Monday, September 7, 2009

Religion vs. Faith

At this point in my family history, I feel that I must discuss this topic. I can still remember in the 5th Grade when the nun who taught us religion drew this family tree of religions to prove to us that since the Catholic religion was first, that we could conclude that it was the "one true faith." I also remember that same year that the nun made it very clear to me that I had "misunderstood" when I said my parents, one Protestant and one Catholic, were married during a Mass at their wedding. This is the first time I really understood about the supposed "problems" associated with a "mixed marriage." That's when a Catholic marries a non-Catholic -- at least that's what the term meant in the 1950s.

I was confused. Yes, my Dad was not Catholic, but that had no meaning for me. He attended Mass every Sunday with his family, belonged to the Holy Name Society at Nativity and worked all of the time to afford Catholic High School tuition. He was more "Catholic" than most "Catholics". Yet the nuns succeeded in making me feel that somehow my parents' marriage didn't quite measure up.

Dad's Mom, Norine, was very Catholic. St. Rose Church was her rock. I'm told that the Church was named in honor of St. Rose, the patron saint of seamstresses. Jan loved to sew. Rosemary even told me she was "named after the Church." On the other hand, Pop was a Protestant, Episcopalian I believe, although Dad claimed to be Presbyterian. How did that work, I wondered, because my Dad had to sign papers agreeing to raise any children Catholic. So why wasn't Dad raised Catholic?

This is where I would love it if those who read this post would leave a comment, because I'm telling the story as I know it. I'm sure your recollection is different from mine -- just as being the oldest in my family made my life experiences and recollections totally different from those of the younger members of my family.

This is the story as I recall it. Jan and Pop were married by the priest at St. Rose Church. Since Pop was not Catholic, they had to get a "dispensation" to be married in the Church. I've got a copy of the Church record where you can see they were given the required dispensation -- if you can read Latin that is.



Only someone raised Catholic can understand how they drum it into you how important it is to have a baby baptized as soon as possible. They used to teach us that babies who died before they were baptized went to "limbo" -- a place that was neither heaven nor hell, where the unbaptized innocents would remain for all eternity. I understand that recently the Church dropped the idea of limbo. So Jan, being a woman of strong faith, took her first-born Edith down to the Catholic Church to have her baptized. The Zins, from whom they rented, were the sponsors.

The way I remember the story, Pop was not happy about this. He wouldn't even have been so opposed to the baptism, but objected to not having much of a say about it. They then came to an agreement that all boys born of the marriage would be raised Protestant, and all girls would be raised Catholic. The score ended up being two Catholics and three Protestants.

When my Mom and Dad got married, Dad obviously had no negative feelings about Catholics -- his mother and two sisters were Catholic. From his point of view it was more important to go to Church as a family. And that we did.
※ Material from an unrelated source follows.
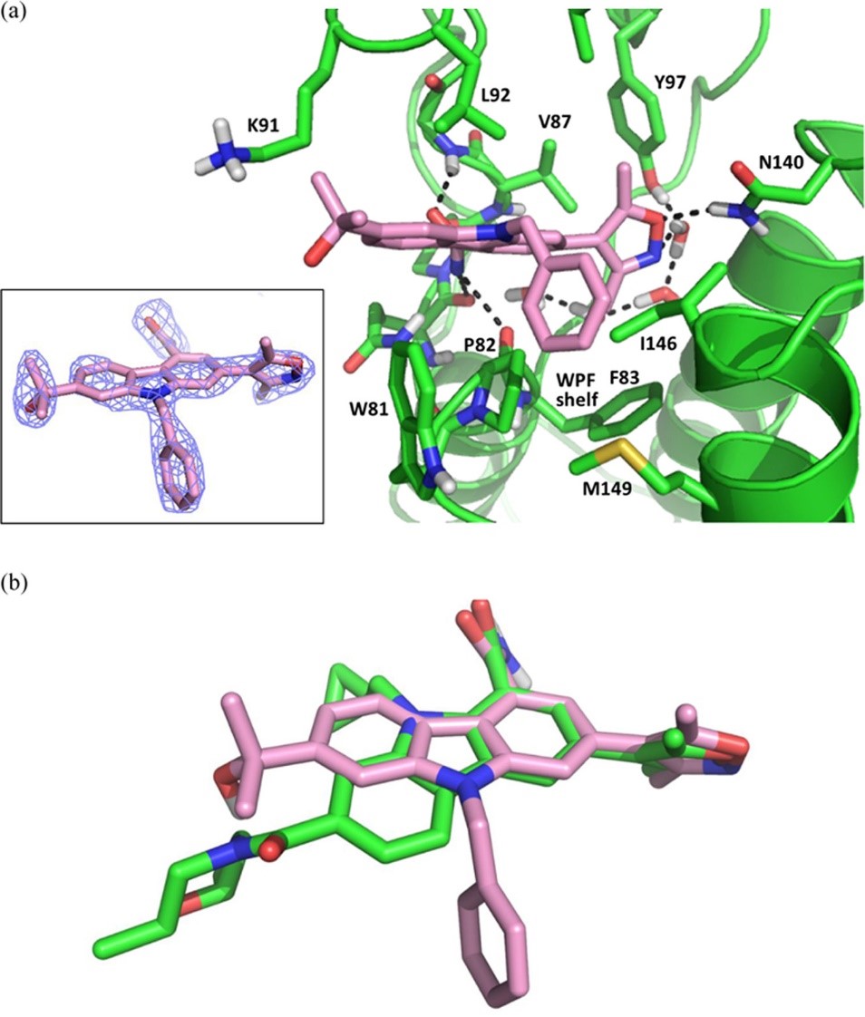 1)异噁唑的氮原子与Tyr113形成水介导的氢键相互作用,而氧原子与 Asn156 的侧链氨基形成氢键。异恶唑环夹在Val103和Ile162的疏水侧链之间,二甲基导致相对于咔唑基团的非平面性,从而模拟乙酰化组蛋白赖氨酸的甲基之一与Phe99形成有利的相互作用。

Being Catholic was just the way it was. I was born into it. No room for or need for questions. But at the old age of 60, I guess I've realized how often someone's faith is not a matter of choice, but an accident of birth. In doing genealogy, I discovered that my husband Bill's grandmother was Catholic and disowned by her family for marrying "out of the Church." Bill, who long ago chose to convert to Judaism, is still thought of as "really being a Catholic" by my Aunt Evelyn because his grandmother was. Bill didn't even know he had Catholic roots until he was 67 years old, so how does that make sense.
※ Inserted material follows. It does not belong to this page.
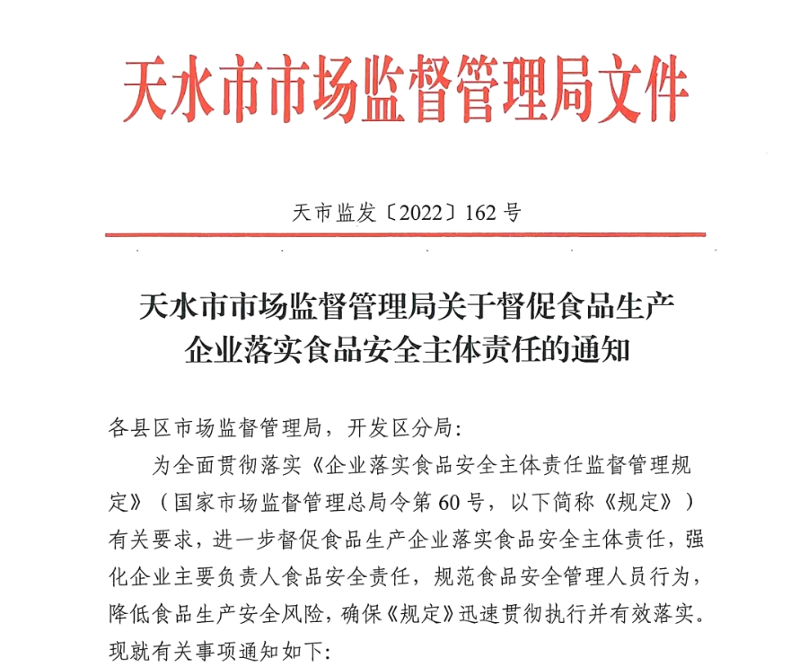 为全面贯彻落实《企业落实食品安全主体责任监督管理规定》(国家市场监督管理总局令第60号),天水市市场监督管理局研究制定了食品生产企业《风险管控清单》《每日食品安全检查记录》《每周食品安全排查治理报告》《每月食品安全调度会议纪要》等样表,并印发通知就食品生产企业落实日管控、周排查、月调度工作机制提出明确要求。

In the process of discovering all of my roots, it is clear that I have a strong Catholic heritage. The Ryans, Cronins, Daileys, and Proberts were all Irish Catholic. The von der Heides were German Catholic, an accident of geography following the Thirty Years Wars between the Protestants and Catholics in Germany. One peace treaty required that everyone within a given district had to follow the same faith as the ruler. It just so happens that the majority of northwest Germany is Lutheran, with the exception of Oldenburger-Munsterland from whence my ancestors came. We could have just as easily been Lutherans.

On my family tree I've found Methodists, Episcopalians, Catholics and several other religions. In my own family, several family members have chosen to go a different direction than the Catholicism they were born into. I'm sure that was challenging for my parents given the times in which they were raised. But in my old age, I guess I'm more comfortable with the idea of "faith" vs. "religion". I feel there is more than one path to God and that a faith that is meaningful to the believer is the most important thing. Faith should never be reduced to an accident of birth, but rather be something actively chosen by the person.

Jan used to love the hymn "What a Friend We Have in Jesus", and hearing it would bring tears to my Dad's eyes. He always felt the connection to his mother when he heard it. I guess I'm just happy to have had ancestors of "faith" who passed on strong values to all of us -- including respect and tolerance. And by the way Sister Mary Alice, my parents were married at a Mass.